Step 1.1.3, for each classification C, extracts noun and verb as candidate seed word, and calculates candidate seed The TF-IDF value of word, calculates the criticality of these words and all sentences in training set according to formula (1) and (2).

Wherein sen_iRepresent that sentence i, word represent candidate seed word, | C | represents sentence sum, K (word) table in classification C Show the correlation degree of all sentences in candidate seed word and training set, n represents contained word sum in such all sentence, word_tfidfRepresent TF-IDF value of the candidate word in training set, word ∈ sen represents word in sentence.

Wherein, TF-IDF is a kind of statistical method, in order to assess a word in a file set or a corpus A copy of it file significance level, word_tfidfRepresent weight of the candidate word in the training set, the main think of of TF-IDF Think be：If frequency TF that certain word or phrase occur in an article is high, and seldom occurs in other articles, then recognize It is that this word or phrase have good class discrimination ability, TF-IDF can more represent weight of the word to text than word frequency statisticses Degree is wanted, and the weight of the word therefore in formula (2), is weighed using the method for TF-IDF.
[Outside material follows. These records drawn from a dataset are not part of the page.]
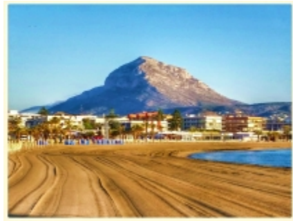
Montgo & beach!

CALIFICACIÓN ENERGÉTICA GLOBAL EMISIONES DE DIÓXIDO DE CARBONO [kgCO 2 /m 2 año]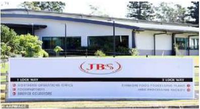
The entrance to the JBS Australia’s

JBS said in a statement that the ‘organized cybersecurity attack’ was detected on Sunday, ‘affecting some of the servers supporting its North American and Australian IT systems.’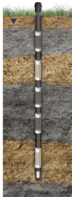
Typical 3-Channel CMT Installation in Overburden with Bentonite and Sand Cartridges

Saves Cost – through reduced permitting and drilling costs; and because narrow tubes allow smaller purge volumes, reduced disposal costs, efficient low flow sampling and rapid response to pressure changes, all reduce field time.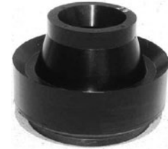
HALL STRIPPER RUBBER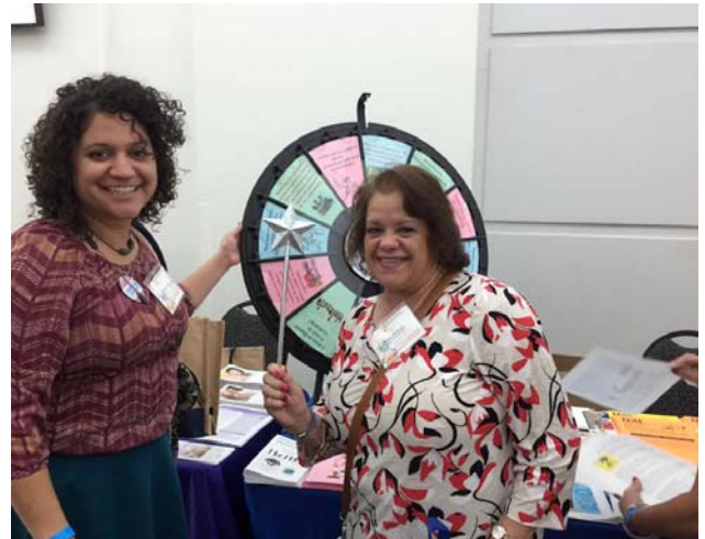
Promotoras visit resource table at Visión y Compromiso.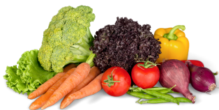
Veggies and Veggie Starts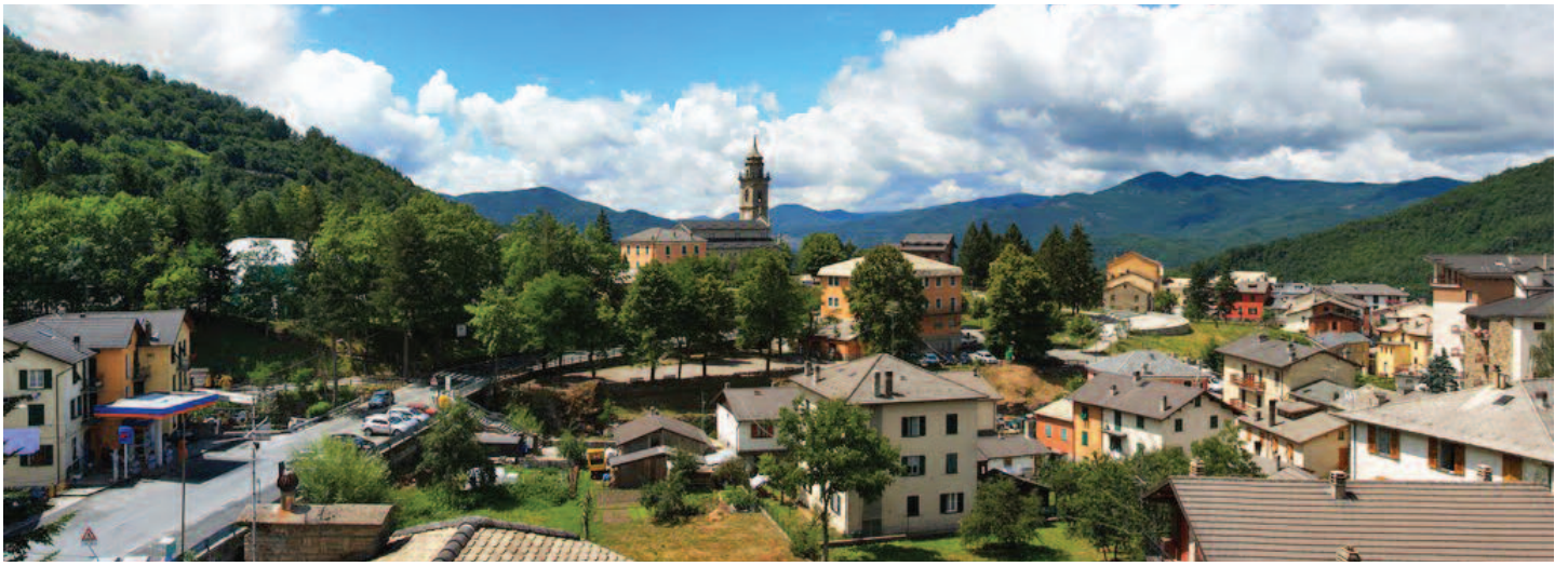
St. Stefano d'Aveto

Thu 18 Jul 08.30 – Departure for St. Stefano d'Aveto (at 1,000m) on the Appennini Mountain Range which, in this area borders on the shores of the Italian Riviera for its entire length. St. Stefano d'Aveto is a winter and summer resort with excellent facilities and historic features as well. 16.00 – Arrival in St. Stefano d'Aveto. 19.30 – Dinner at the hotel (included).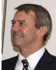
Catalin Ghenea Consul General of Romania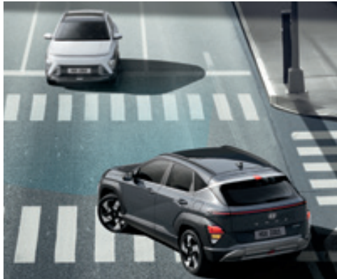
Forward Collision-Avoidance Assist 1.5 (FCA 1.5)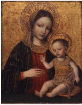
Title: Madonna and Child Date: 1490s Primary Maker: Ambrogio Borgognone Medium: Tempera on wood panel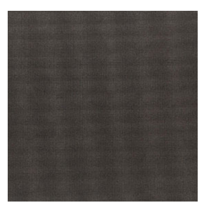
TECHNO BROWN VI54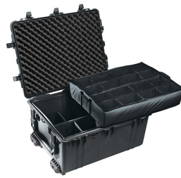
1634 With Padded Dividers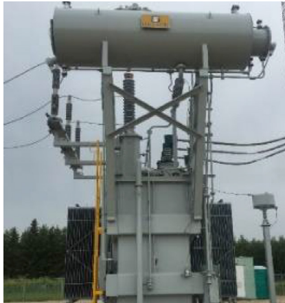
The new transformer will look similar to the picture above

Please refer to the map included in this package for an overview of the proposed project area.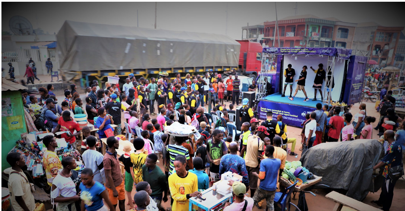
Mobile cinema performance at a community in Edo State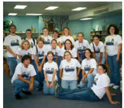
2002 Freshman Teaching Fellows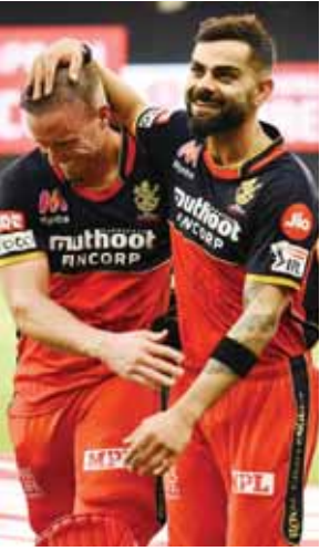
Virat Kohli & Ab de Villiers

They run into a RCB squad which has grown in confidence as the tournament has progressed. Virat Kohli and his men are placed third on the points table with 14 points, the same as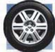
18-inch polished aluminum wheels standard on all 300 AWD models

For more information, please visit www.chrysler.com/300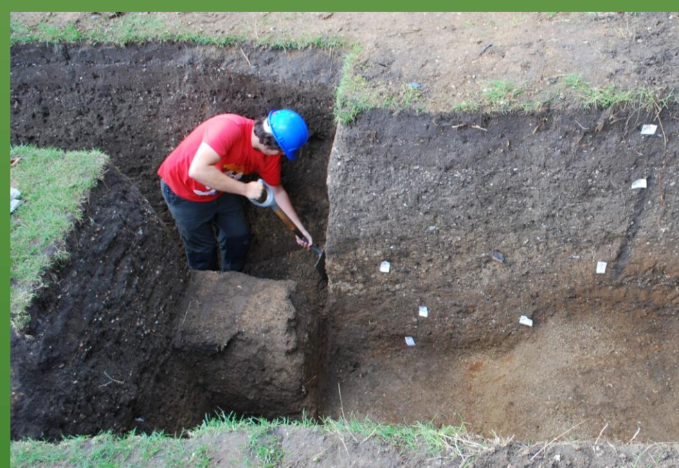
Extension trench, showing internal ditch and bank in vertical section.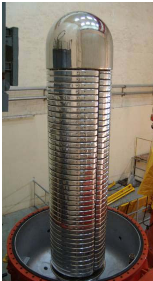
Figure 5: High Voltage Assembly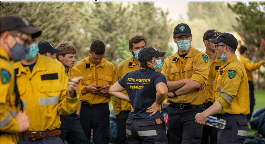
Firefighting crews from New Brunswick arrive in Kamloops. More than 3,000 firefighters and support staff are on the fire lines, including crews from Alberta, New Brunswick and Quebec—with more on the way.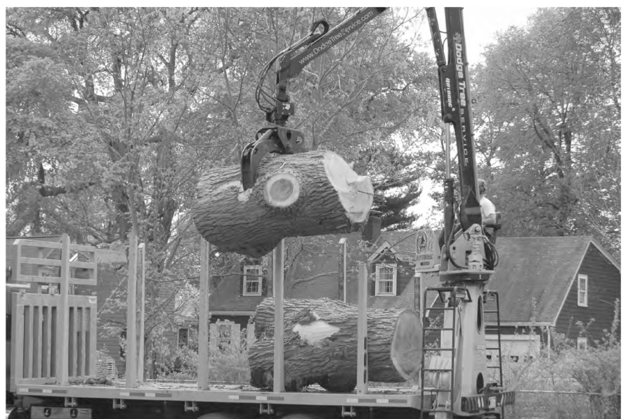
Middle row: Accessible pathway installation at Hale Farm; left and above: historic tulip tree removal from Hale property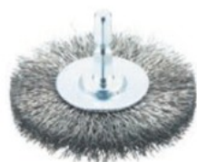
TB-6233-60 (stainless steel)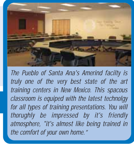
The Pueblo of Santa Ana's Amerind facility is truly one of the very best state of the art training centers in New Mexico. This spacious classroom is equipped with the latest technology for all types of training presentations. You will thoroughly be impressed by it's friendly atmosphere, "it's almost like being trained in the comfort of your own home."

3:15 pm to 4:30 pm SECTION 9 - Cold Weather Operations - How water temperature affects the chemistry and biology of a lagoon system. How temperature affects pond mixing. Cold weather operations. Predicting water quality based on changes in temperature. Wrap up. Case study on actual lagoons meeting very high effluent quality standards, and the costs of one city's painful lagoon decommissioning. Evaluations and Certificates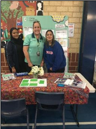
The Ladies of Camp Australia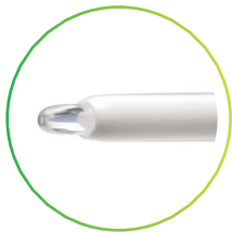
Soft hand-crafted tip designed to facilitate a smooth passage through the cervix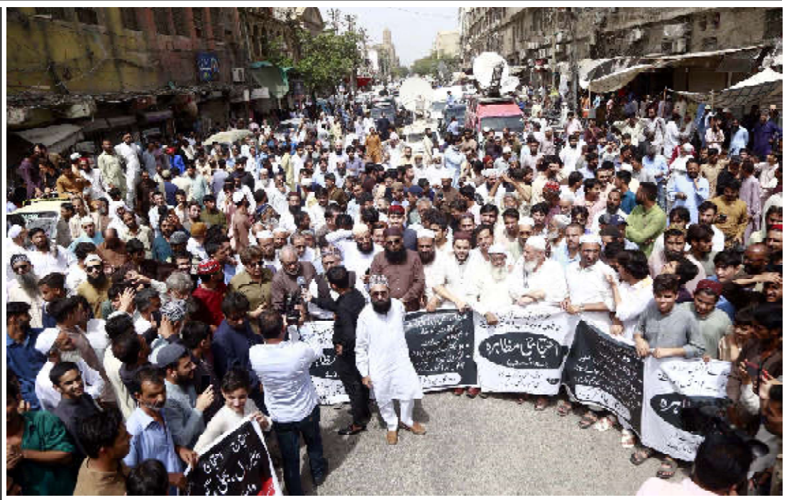
KARACHI: Traders are holding protest demonstration against the price hike of petroleum products, at Boltan Market in Karachi

The Internal Harassment Committee (IHC) of NEPRA conducted a detailed inquiry and concluded that the allegations of harassment stood established against the accused and recommended imposing the major penalty of “reduction to a lower post” from Director to Deputy Director.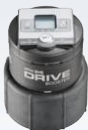
LCD screen with adjustment (1 to 12 months) + discharge function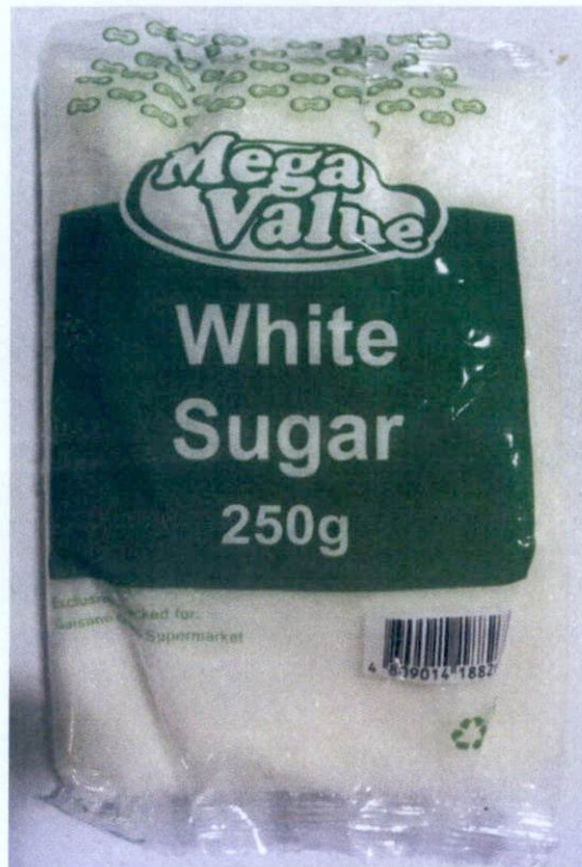
Figure 1. Unregistered MEGA VALUE White Sugar

The Food and Drug Administration (FDA) warns all healthcare professionals and the general public NOT TO PURCHASE AND CONSUME the following unregistered food products:

Step 1.1.4, according to《Synonym woods》Coding information, all for candidate seed word word synon K are added and Represent the new criticality of the word.

Candidate seed word is ranked up, then given threshold by step 1.1.5 by final K, extracts K more than threshold value Morphology becomes such initial seed word set, and threshold value is generally relevant with sentence quantity and is obtained by experiment.

Step 1.2, initial seed word set step 1 obtained using Bootstrapping algorithm are expanded, concrete bag Containing four basic processes.

Step 1.2.1, in the language material not marked in a large number, extracts noun and verb as candidate word.

Step 1.2.2, considers the seed word set in each relation classification C, respectively to each candidate word w, using mutual The method of information calculates the weight M value of candidate word, such as shown in formula (3),

Wherein sword represents seed words, and F (w) represents the sentence number comprising w in whole language material, and F (sword) represents whole Sentence number comprising initial word sword in individual language material, co-occurrence frequency F (w, sword) represent that candidate word is occurred with initial word sword In the sentence number of same sentence, F_allRepresent the sentence sum in whole language material.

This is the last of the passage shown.